Moreover, the directional quantified representation provides a very distinct and accurate way of establishing a desired signal in a certain direction. It should be noted that traditional directional emulation is more or less based on individual panning of the different sound sources. According to the representation invention, the only uncertainty with respect to the directionality of the established sound signals refers to the method by which the directional representation is mapped (i.e. rendered) to a given number of channels. Nevertheless, it should be emphasised that the mutual directional spacing between sound signals is maintained as the rendering method is the same for all signals as has already been mentioned above.

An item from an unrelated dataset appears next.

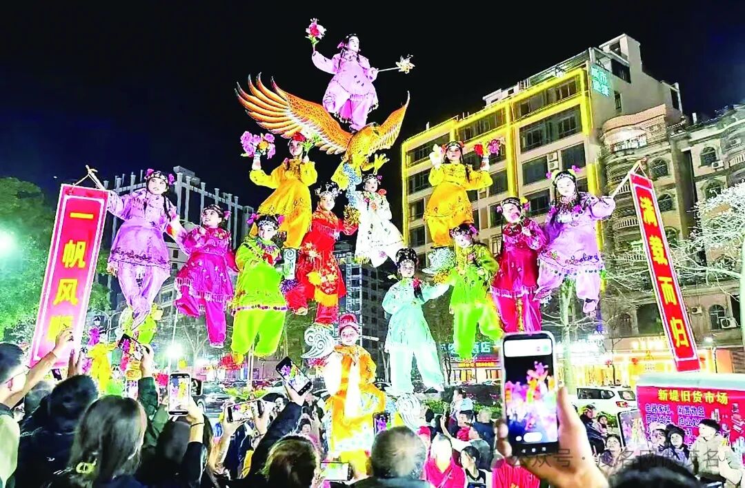 年初五晚,信宜窦州里文化创意街外,非遗巡游升级加强版飘色、舞龙加六双花灯,将年味氛围拉足。图为飘色巡游。通讯员 高干 摄

Consequently, the relative directional positioning is established by the signal format and not by sound engineers bound by traditional panning.

Thus, if distinct representations are desired, a high number of quantised directional components may be chosen.

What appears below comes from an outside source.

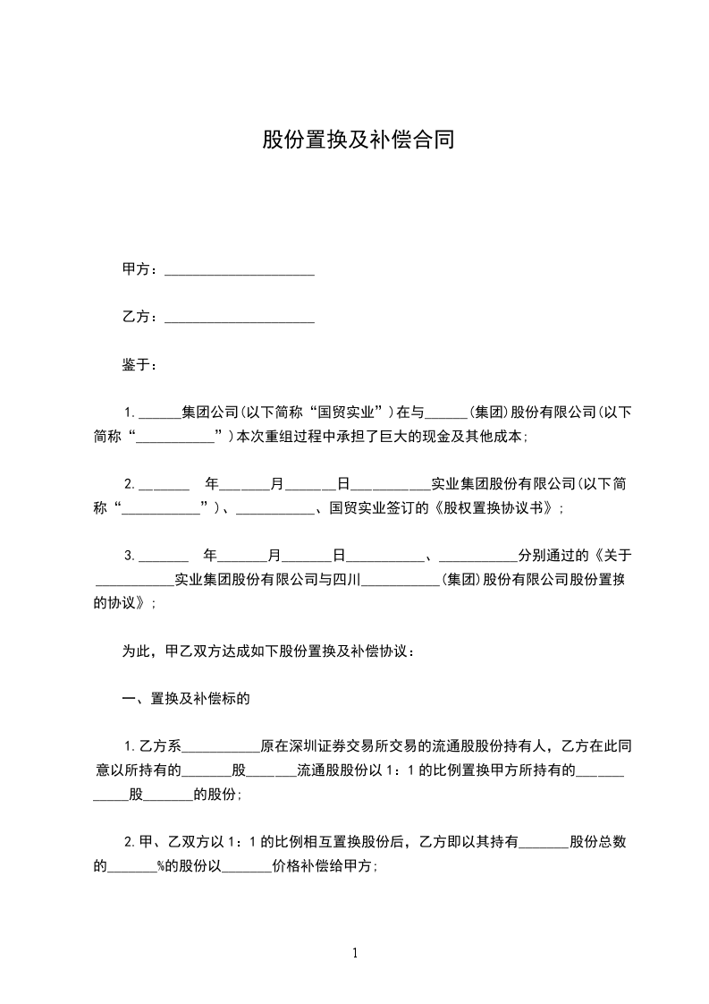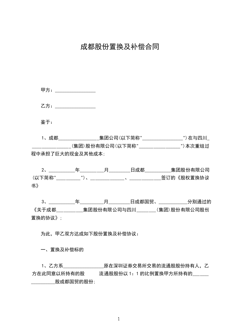 1、乙方系_________________原在深圳证券交易所交易的流通股股份持有人,乙方在此同意以所持有的股 流通股股份以1:1的比例置换甲方所持有的_________________股成都国贸的股份;

Preferably, the N-directional components should of course represent a given signal at a specific geometrical position.

The signal is decomposed to a signal comprises N directional components by means of dedicated signal-processing means, an advantageous embodiment of the invention has been obtained as the signals may be established in real-time.

The method of processing audio signals comprises M sub-signals, each sub-signal being represented as a signal having N directional components (d1, d2, d3, d4, . . . ), the sub-signals being added to form a sum-signal having N directional components (Σd1, Σd2, Σd3, Σd4, . . . , ΣdN), where Σdi(i=1 . . . N) is the sum of signal components is one of the N directions, the sum-signal representing the resulting audio signal, a further advantageous embodiment of the invention has been obtained as even very complicated audio-signals may be added by means of conventional summing means to form a complex and true signal which may establish several sound source positions in one signal.

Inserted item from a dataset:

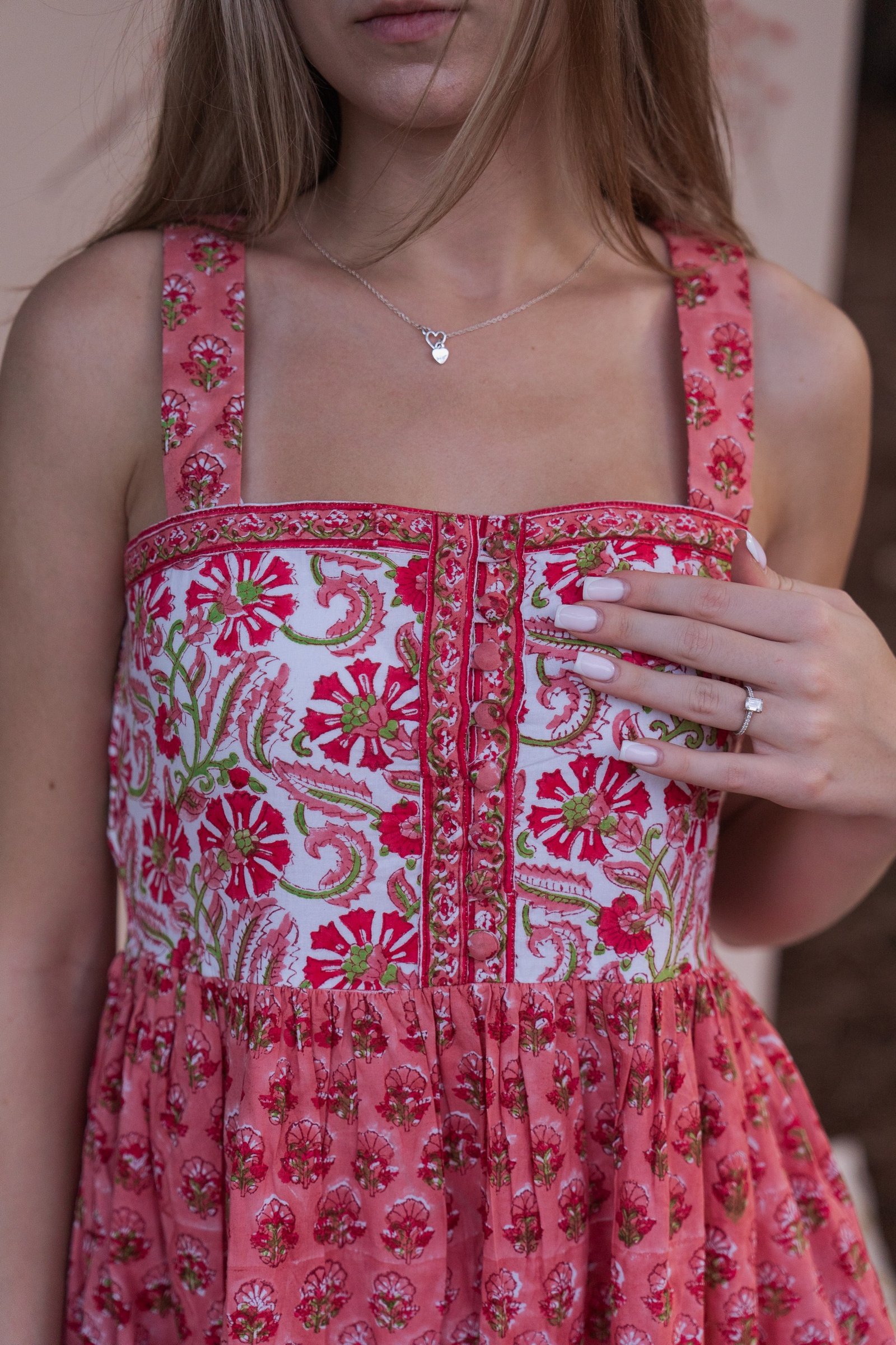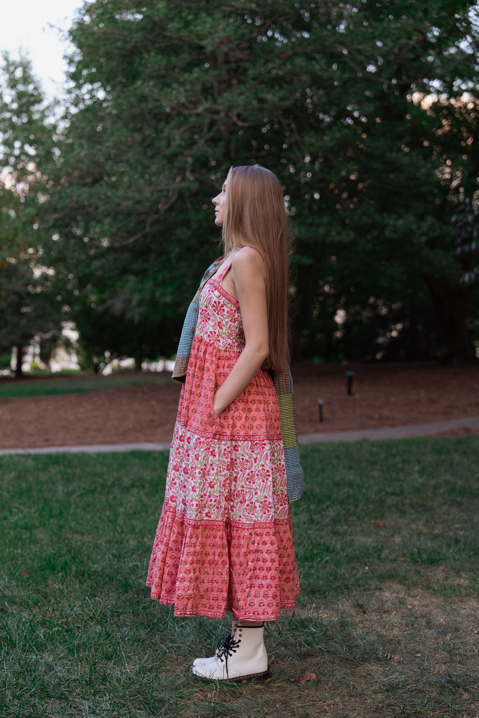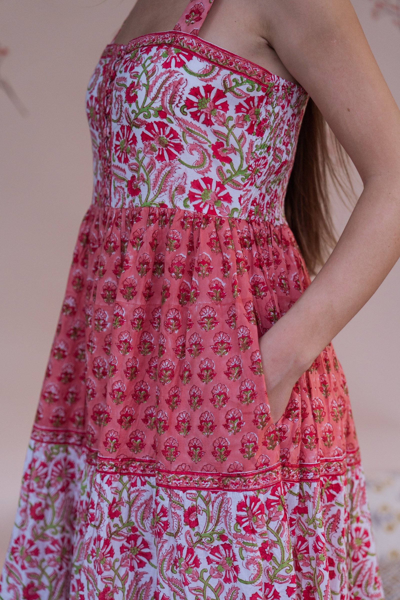 Step into summer with our Gulbahaar Maxi dress, a tiered beauty handcrafted using traditional hand block printing techniques. Featuring a flattering square neckline, broad shoulder straps, and a smocked back for comfort, this dress is a celebration of floral charm in rose pink and white hues.

The signal processing unit comprises at least one input (S), at least one of the inputs (S) being connected to at least one reverberation unit at least one reverberation unit defining a predefined reverberation generation each of the reverberation units establishing an output (d1, d2, d3, d4, . . . ) having N directional components, each of said directional components (N) of said outputs being added to form at least one signal having N directional components, a further advantageous embodiment of the invention has been obtained as the signal-representation and signal-processing algorithm may basically be processed on both initial sound signals and the sound tail signal as well according to the invention.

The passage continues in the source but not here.